> Source information:
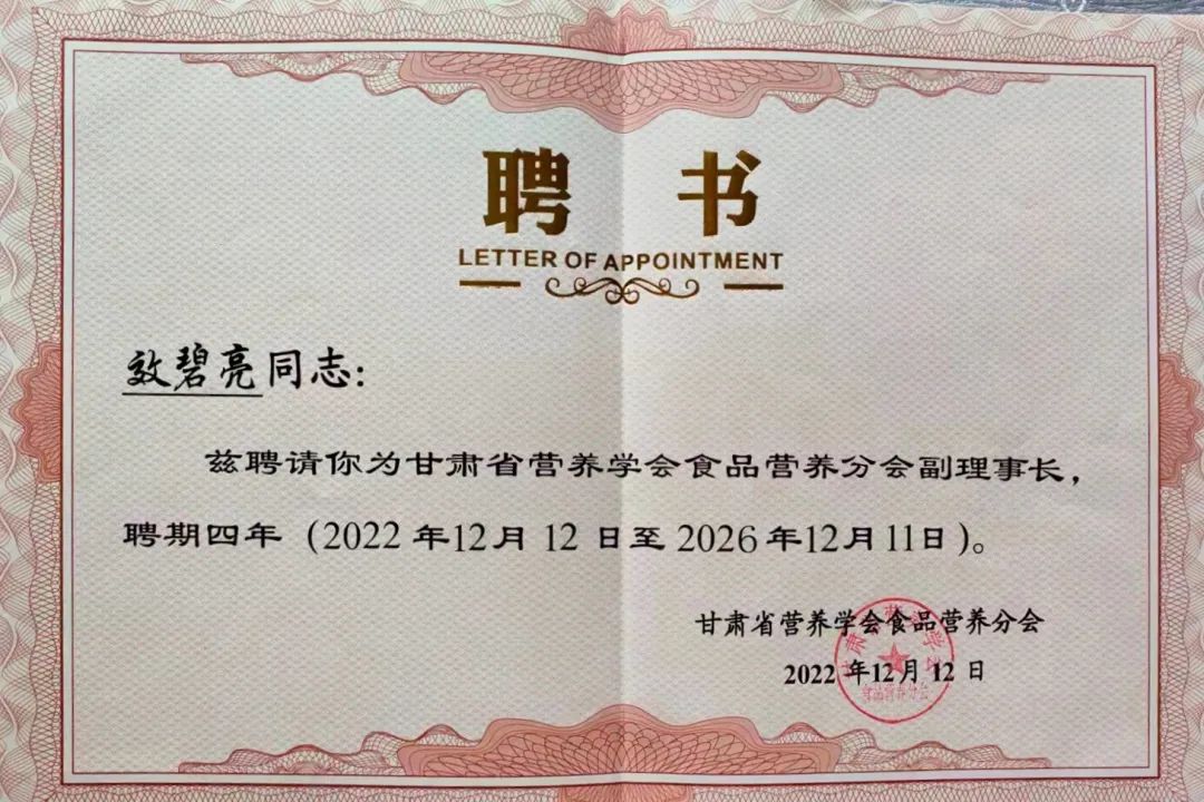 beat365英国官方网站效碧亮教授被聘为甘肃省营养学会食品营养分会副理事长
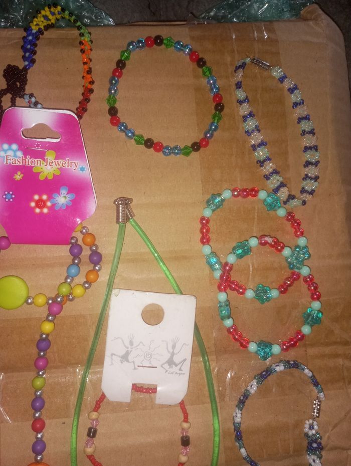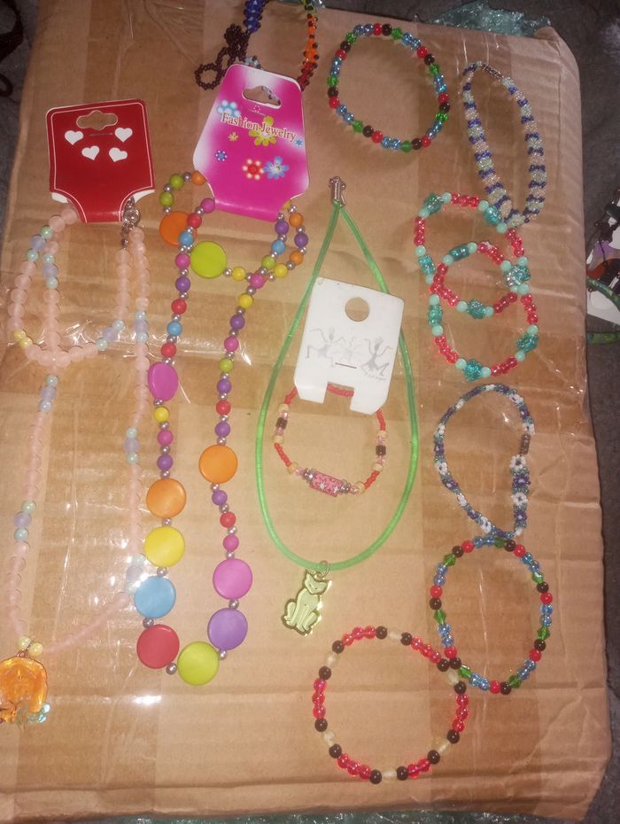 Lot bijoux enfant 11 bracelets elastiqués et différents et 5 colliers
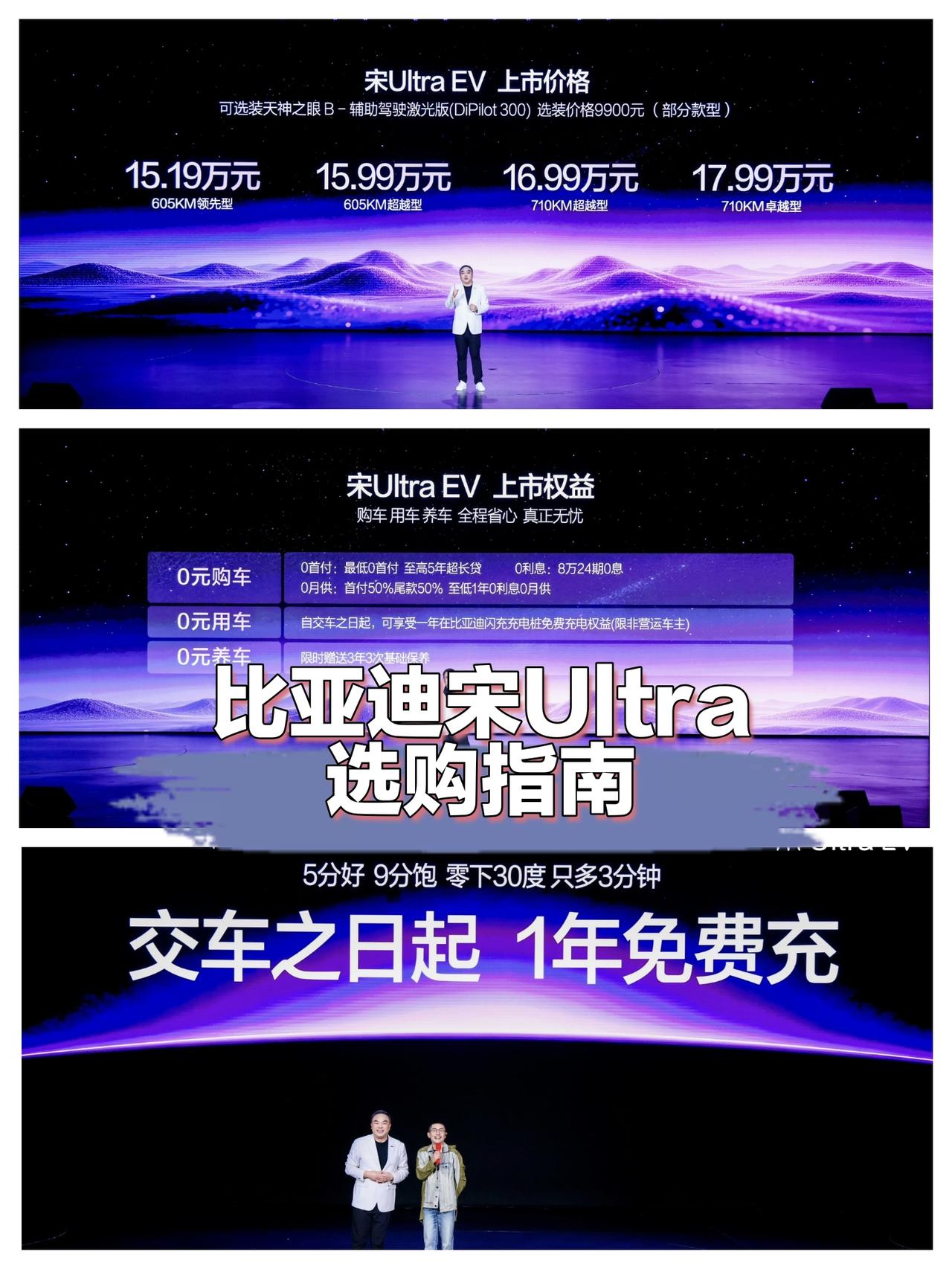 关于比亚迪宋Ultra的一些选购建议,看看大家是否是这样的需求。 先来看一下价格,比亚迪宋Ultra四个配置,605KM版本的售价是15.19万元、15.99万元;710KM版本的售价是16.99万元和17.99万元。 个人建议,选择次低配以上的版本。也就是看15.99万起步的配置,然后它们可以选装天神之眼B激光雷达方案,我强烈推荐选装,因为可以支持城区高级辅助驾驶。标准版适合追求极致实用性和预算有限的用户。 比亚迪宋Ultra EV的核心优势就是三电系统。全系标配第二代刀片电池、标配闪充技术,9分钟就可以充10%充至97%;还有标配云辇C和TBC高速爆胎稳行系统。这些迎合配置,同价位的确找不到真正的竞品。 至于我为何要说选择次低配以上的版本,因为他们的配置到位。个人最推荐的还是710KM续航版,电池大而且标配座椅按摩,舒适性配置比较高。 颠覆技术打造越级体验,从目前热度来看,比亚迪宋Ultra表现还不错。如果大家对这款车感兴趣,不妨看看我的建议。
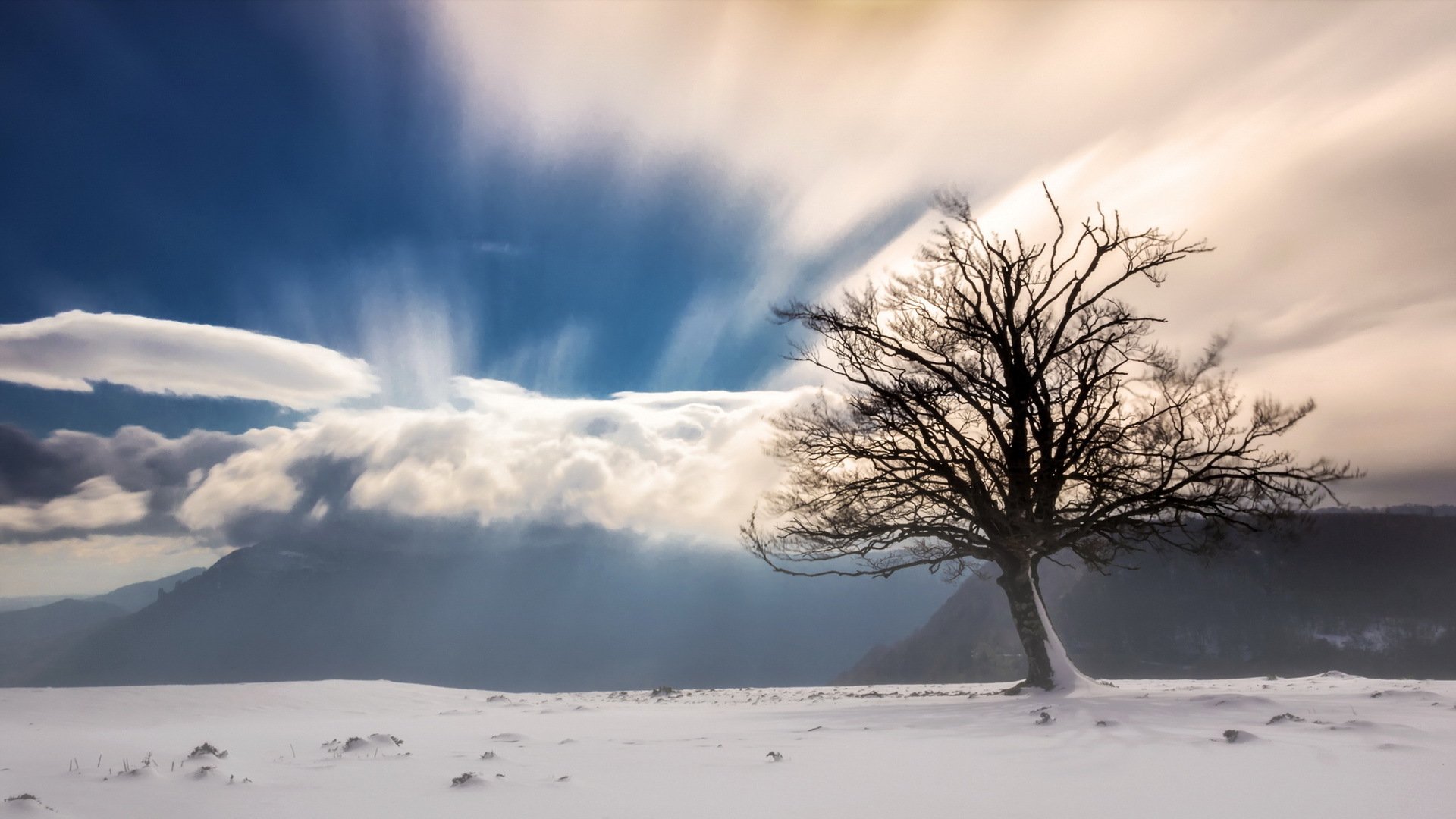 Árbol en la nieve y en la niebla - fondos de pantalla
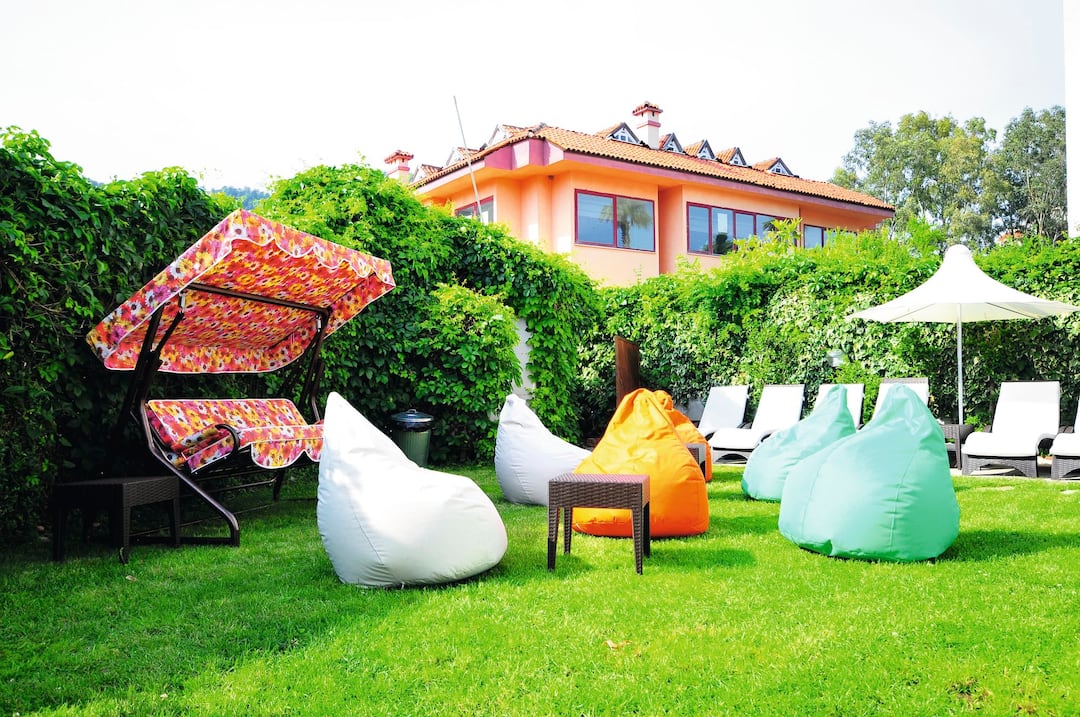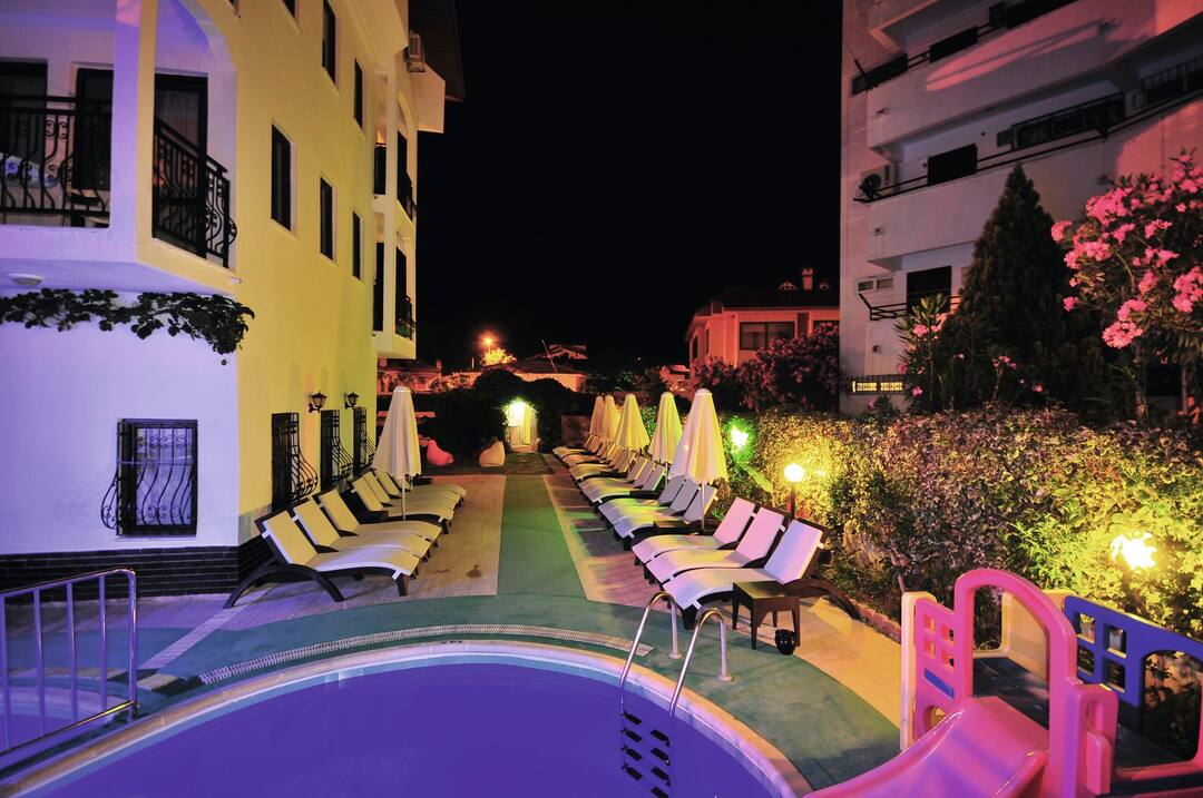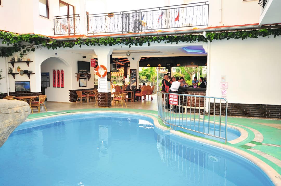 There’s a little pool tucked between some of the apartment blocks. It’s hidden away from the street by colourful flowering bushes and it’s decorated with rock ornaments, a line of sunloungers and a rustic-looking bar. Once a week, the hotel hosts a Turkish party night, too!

> Task instructions:
Give the entries above again word for word, without any pictures.

> Response to this task:
 beat365英国官方网站效碧亮教授被聘为甘肃省营养学会食品营养分会副理事长
 Lot bijoux enfant 11 bracelets elastiqués et différents et 5 colliers
 关于比亚迪宋Ultra的一些选购建议,看看大家是否是这样的需求。 先来看一下价格,比亚迪宋Ultra四个配置,605KM版本的售价是15.19万元、15.99万元;710KM版本的售价是16.99万元和17.99万元。 个人建议,选择次低配以上的版本。也就是看15.99万起步的配置,然后它们可以选装天神之眼B激光雷达方案,我强烈推荐选装,因为可以支持城区高级辅助驾驶。标准版适合追求极致实用性和预算有限的用户。 比亚迪宋Ultra EV的核心优势就是三电系统。全系标配第二代刀片电池、标配闪充技术,9分钟就可以充10%充至97%;还有标配云辇C和TBC高速爆胎稳行系统。这些迎合配置,同价位的确找不到真正的竞品。 至于我为何要说选择次低配以上的版本,因为他们的配置到位。个人最推荐的还是710KM续航版,电池大而且标配座椅按摩,舒适性配置比较高。 颠覆技术打造越级体验,从目前热度来看,比亚迪宋Ultra表现还不错。如果大家对这款车感兴趣,不妨看看我的建议。
 Árbol en la nieve y en la niebla - fondos de pantalla
 There’s a little pool tucked between some of the apartment blocks. It’s hidden away from the street by colourful flowering bushes and it’s decorated with rock ornaments, a line of sunloungers and a rustic-looking bar. Once a week, the hotel hosts a Turkish party night, too!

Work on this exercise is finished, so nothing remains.